Whew. That’s enough waxing philosophical about stitching for now…

A marginally pointier (and linkier) world

I’ve been busy arranging to move all my atom-based possessions from one end of the continental U.S. to the other (actually, most of them will get cached for a while). Moving the bit-based possessions was a much cleaner experience — in every sense.

So this news tidbit is slightly stale. On January 20, Oleg Tkachenko announced something called the Mvp.Xml library, a set of C# modules on SourceForge that implement XInclude and XPointer.

My first thought on glancing at the announcement was “Hmm, I bet it just covers the XPointer framework.” But it turns out they’ve done the schemes too, going as far as providing xpath1() support as defined by Simon St. Laurent, and the XPath-based portions of xpointer() support.

I was surprised and pleased to see this. The main use case here is XInclude inclusion, so it’s fair enough that the wizzier features of the xpointer() scheme — which were driven primarily by a “the user clicks and drags across a non-well-formed chunk of content to highlight or annotate it” use case — aren’t covered here. Many moons ago during the original XPointer work (and even earlier, when the whole ball of wax was called XLL), I had vociferously argued that the advanced features should be separated out into a higher conformance level, and I remember thinking that Simon’s xpath1() spec was a good idea when it came out.

I always perk up when news of XPointer (or XLink) comes along. I’ve long been resigned to the idea that we didn’t exactly hit a design sweet spot on either of these. (In the less-stale news category, a new W3C note edited by Norm Walsh has just come out recommending some simple changes to XLink that would “sweeten” it a bit; I think the idea to make xlink:type="simple" an application-level default is an obvious winner.)

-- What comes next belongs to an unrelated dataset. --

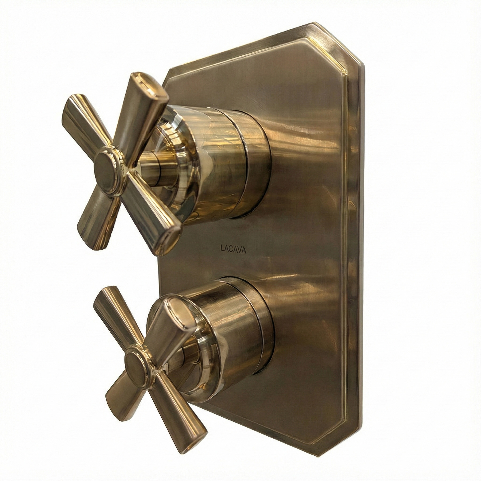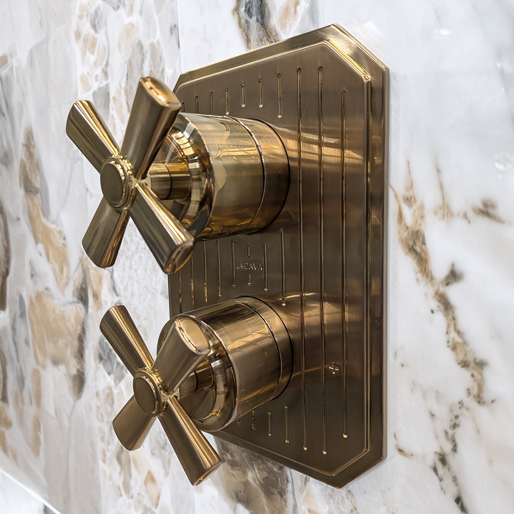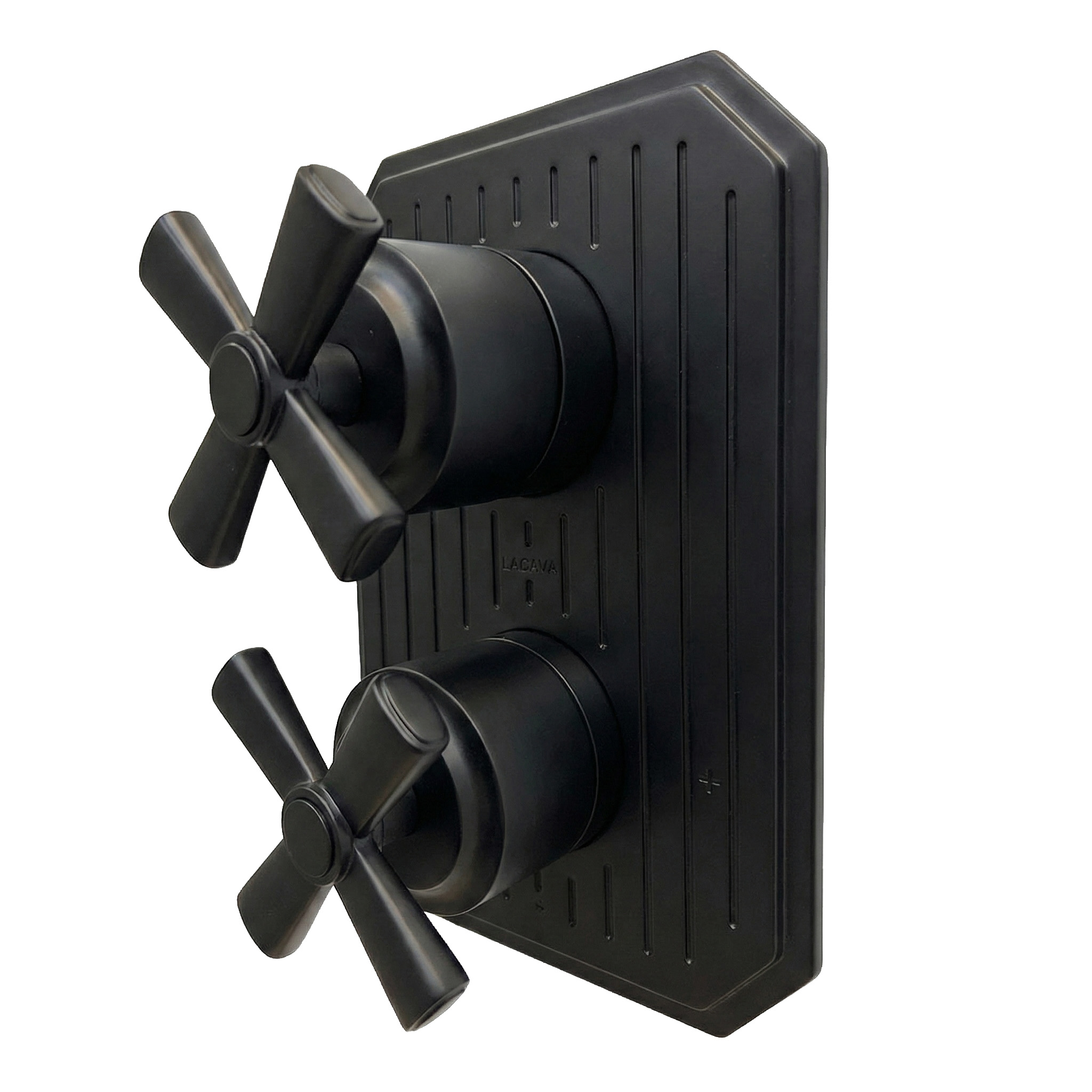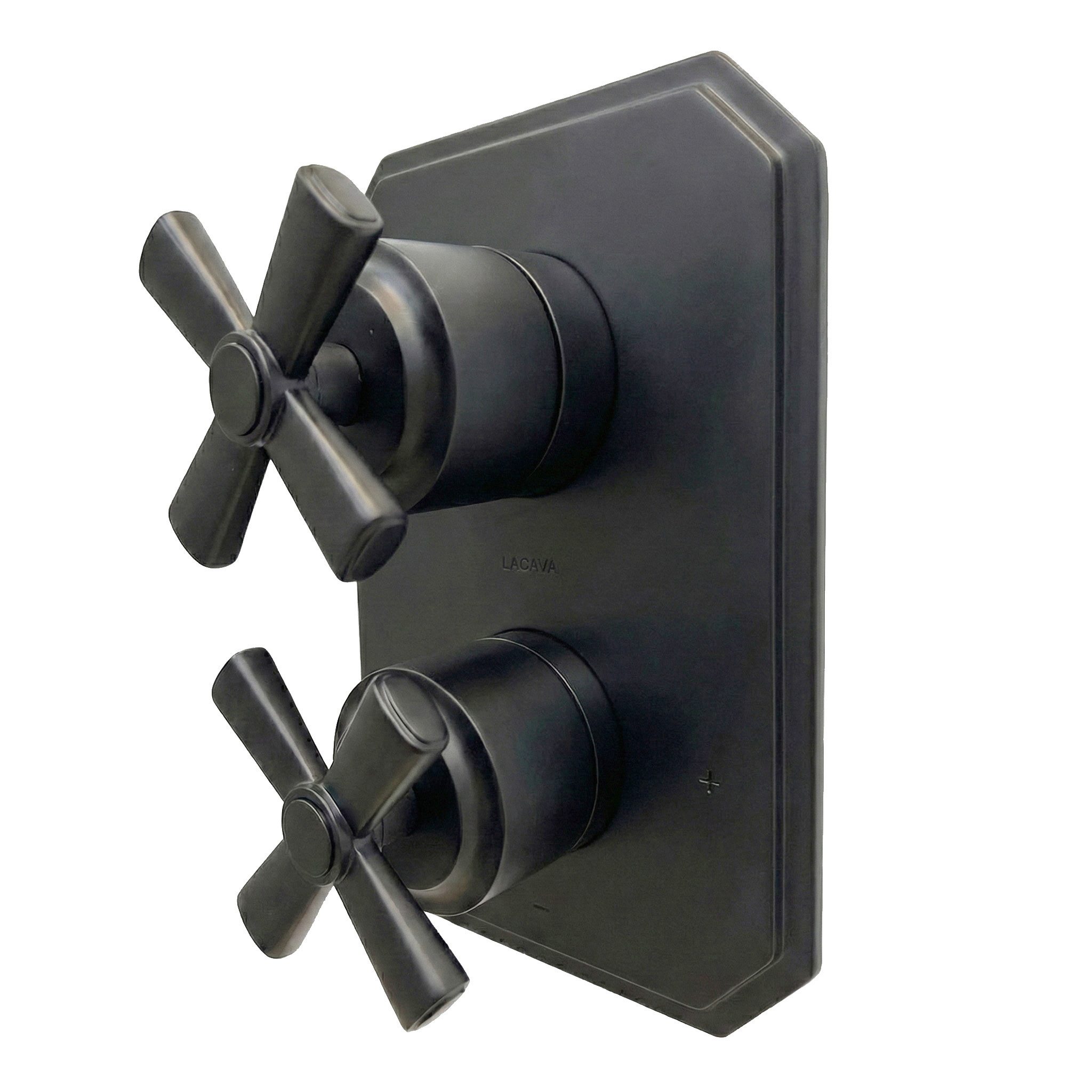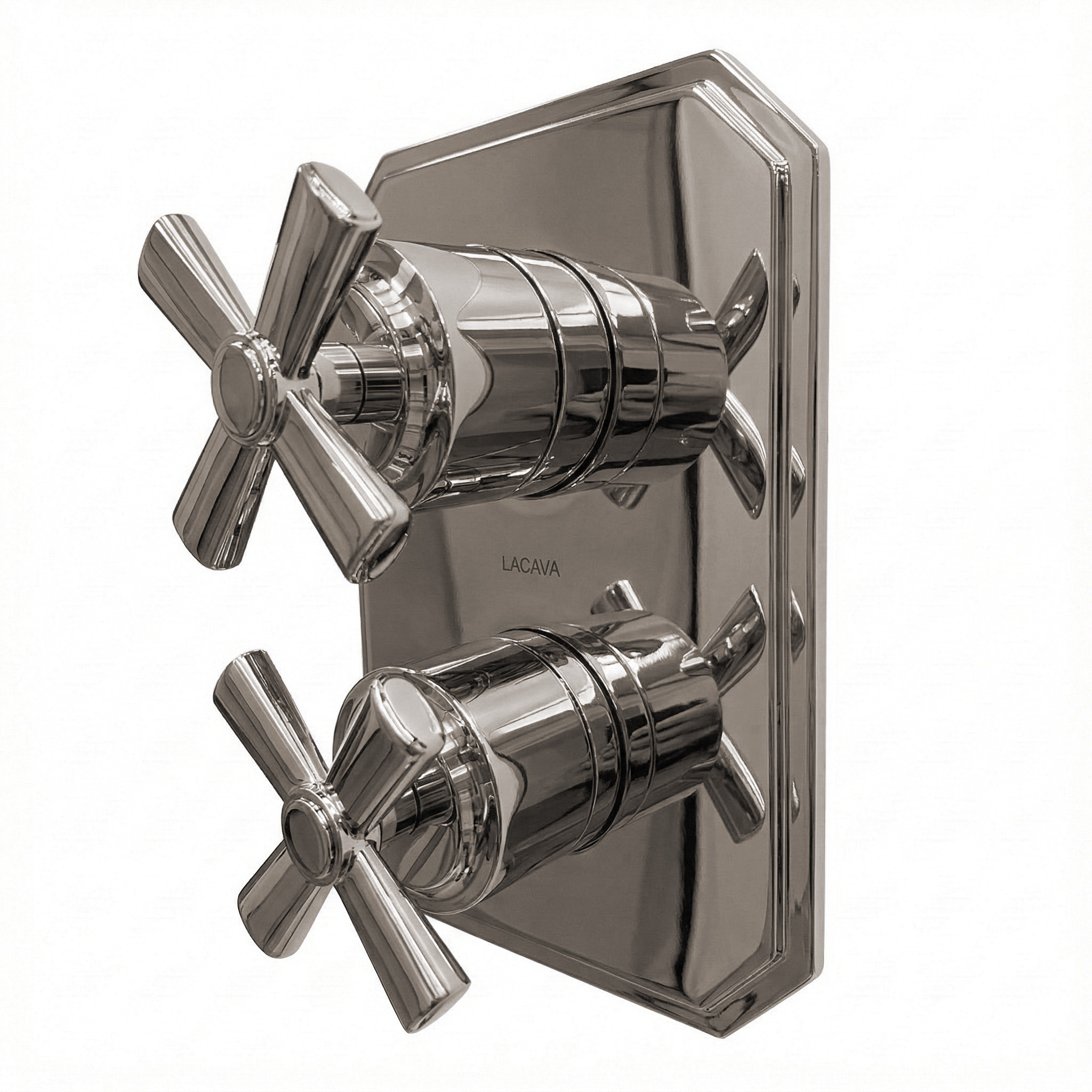 Built-in progressive pressure balancing mixer with 2-way diverter, two cross handles and a rectangular backplate. Water flow rate: 4.2 gpm at 43.5 psi. Rough-in and trim sold separately. Shipping class 1.

Perhaps the story on these technologies isn’t over, particularly now that basic XML support is nearly everywhere. Marginal improvements and increases in support might provide enough of a boost, and it’s nice to see that there are some honest-to-goodness real boosters out there, like Oleg (and like the xlinkit folks and at least some of the designers of XBRL, who are XLink fans).

XPointer was ultimately refactored enough (the invention of the “framework”) to give its lower conformance levels some success. It might be fun to go back and really refactor XLink, this time with a clear view of the modern use cases.

p.s. In poking around on the subject of xpath1(), I came across this post of Oleg’s from last year. Booster, indeed — thanks for spearheading the project (and for the kind words)! But I notice his prediction of when XInclude would become a final W3C Recommendation was off by about 21 months…

UPDATE: I had noticed that David Megginson made a case on xml-dev last month for the XLink simplification noted above, and almost mentioned him as the genesis for the idea as it appears in the W3C Note. But realizing that this was merely an assumption and not wanting to take the time to look into it, I dropped the mention. But now I see that Tim Bray mentions David’s new blog and a particular early post that explains the (lack of) connection — apparently it was a coincidence! That sure makes it seem like an idea whose time has come.

As a new blogger myself it feels weird to be saying this, but, David, welcome to the blogosphere!